# EXERCISE REQUIREMENTS:
Skip any image you find and restate the rest of the data word for word.

======== DATA

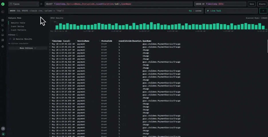 与此同时,我们仍坚持 SQL 为核心。SQL 是数据领域的通用语言,对大多数 ClickHouse 深度用户而言,依旧是探索数据最具表现力、最高效的方式。因此,HyperDX 的界面原生支持 SQL 查询 —— 高级用户可以直接操控底层引擎,不做妥协。
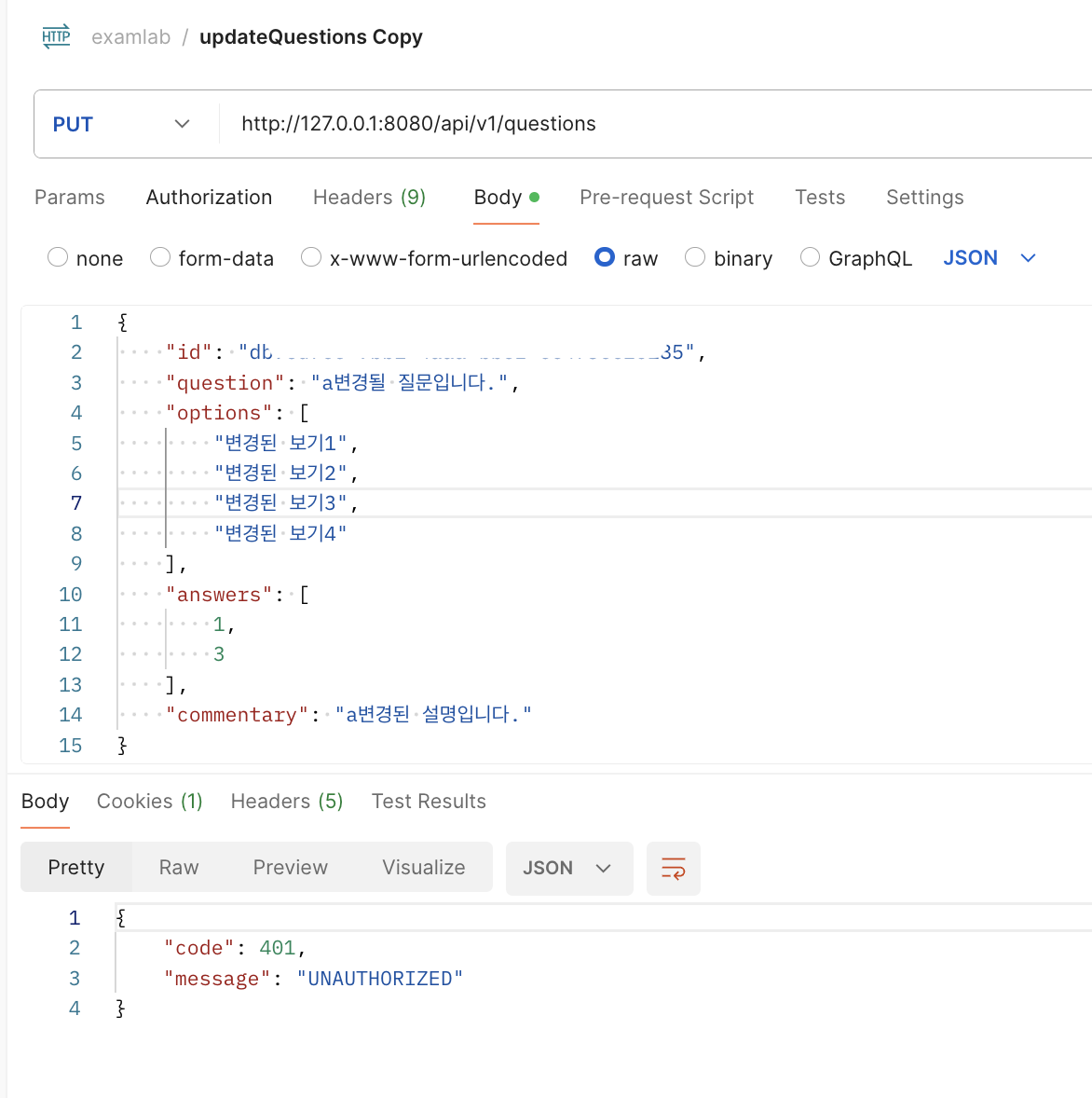 put("/api/v1/questions")
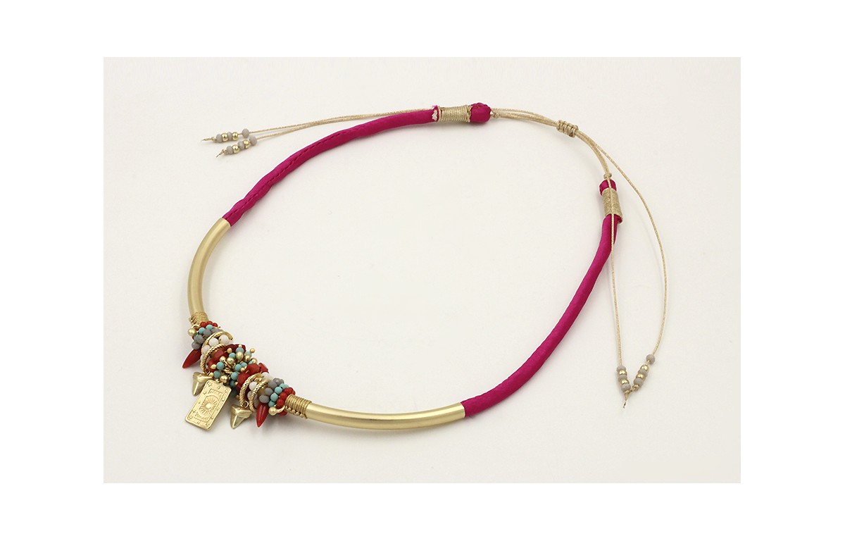 Collar seda rellena fucsia tubo curvado dorado mat

================

# REPLY:
 与此同时,我们仍坚持 SQL 为核心。SQL 是数据领域的通用语言,对大多数 ClickHouse 深度用户而言,依旧是探索数据最具表现力、最高效的方式。因此,HyperDX 的界面原生支持 SQL 查询 —— 高级用户可以直接操控底层引擎,不做妥协。
 put("/api/v1/questions")
 Collar seda rellena fucsia tubo curvado dorado mat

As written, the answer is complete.